■ EXERCISE ■
Nothing should appear in the answer except the lines below from the line containing "We had pretty" through the line containing "6年生の学習内容で、線対称・", copied exactly, with pictures left out.

■ DATA PROVIDED ■

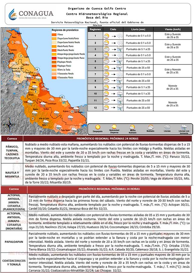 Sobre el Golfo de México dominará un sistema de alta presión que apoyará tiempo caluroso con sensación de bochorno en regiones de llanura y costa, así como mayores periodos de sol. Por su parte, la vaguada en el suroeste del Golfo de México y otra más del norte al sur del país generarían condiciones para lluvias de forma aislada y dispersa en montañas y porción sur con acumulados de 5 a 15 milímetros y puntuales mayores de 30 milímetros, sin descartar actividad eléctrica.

---

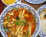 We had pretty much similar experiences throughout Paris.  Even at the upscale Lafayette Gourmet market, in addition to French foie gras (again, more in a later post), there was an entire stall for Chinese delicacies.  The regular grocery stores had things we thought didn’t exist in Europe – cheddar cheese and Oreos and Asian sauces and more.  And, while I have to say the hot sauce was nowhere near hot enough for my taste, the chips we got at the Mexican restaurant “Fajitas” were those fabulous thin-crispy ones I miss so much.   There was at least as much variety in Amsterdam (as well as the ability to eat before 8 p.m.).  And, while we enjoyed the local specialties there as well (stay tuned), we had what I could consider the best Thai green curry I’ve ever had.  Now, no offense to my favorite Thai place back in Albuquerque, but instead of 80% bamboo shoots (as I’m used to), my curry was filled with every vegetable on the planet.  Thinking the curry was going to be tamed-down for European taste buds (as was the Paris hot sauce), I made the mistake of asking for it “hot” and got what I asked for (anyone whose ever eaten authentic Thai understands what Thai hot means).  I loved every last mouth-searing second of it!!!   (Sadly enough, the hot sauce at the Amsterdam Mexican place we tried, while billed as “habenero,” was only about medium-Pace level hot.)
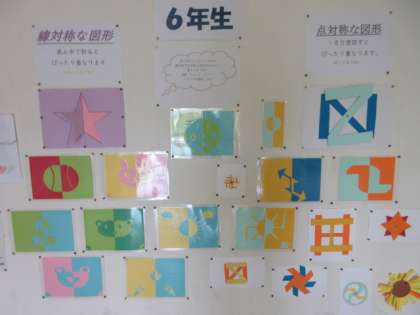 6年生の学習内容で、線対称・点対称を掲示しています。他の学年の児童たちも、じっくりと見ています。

■ OUTPUT OF THE TASK ■
 We had pretty much similar experiences throughout Paris.  Even at the upscale Lafayette Gourmet market, in addition to French foie gras (again, more in a later post), there was an entire stall for Chinese delicacies.  The regular grocery stores had things we thought didn’t exist in Europe – cheddar cheese and Oreos and Asian sauces and more.  And, while I have to say the hot sauce was nowhere near hot enough for my taste, the chips we got at the Mexican restaurant “Fajitas” were those fabulous thin-crispy ones I miss so much.   There was at least as much variety in Amsterdam (as well as the ability to eat before 8 p.m.).  And, while we enjoyed the local specialties there as well (stay tuned), we had what I could consider the best Thai green curry I’ve ever had.  Now, no offense to my favorite Thai place back in Albuquerque, but instead of 80% bamboo shoots (as I’m used to), my curry was filled with every vegetable on the planet.  Thinking the curry was going to be tamed-down for European taste buds (as was the Paris hot sauce), I made the mistake of asking for it “hot” and got what I asked for (anyone whose ever eaten authentic Thai understands what Thai hot means).  I loved every last mouth-searing second of it!!!   (Sadly enough, the hot sauce at the Amsterdam Mexican place we tried, while billed as “habenero,” was only about medium-Pace level hot.)
 6年生の学習内容で、線対称・点対称を掲示しています。他の学年の児童たちも、じっくりと見ています。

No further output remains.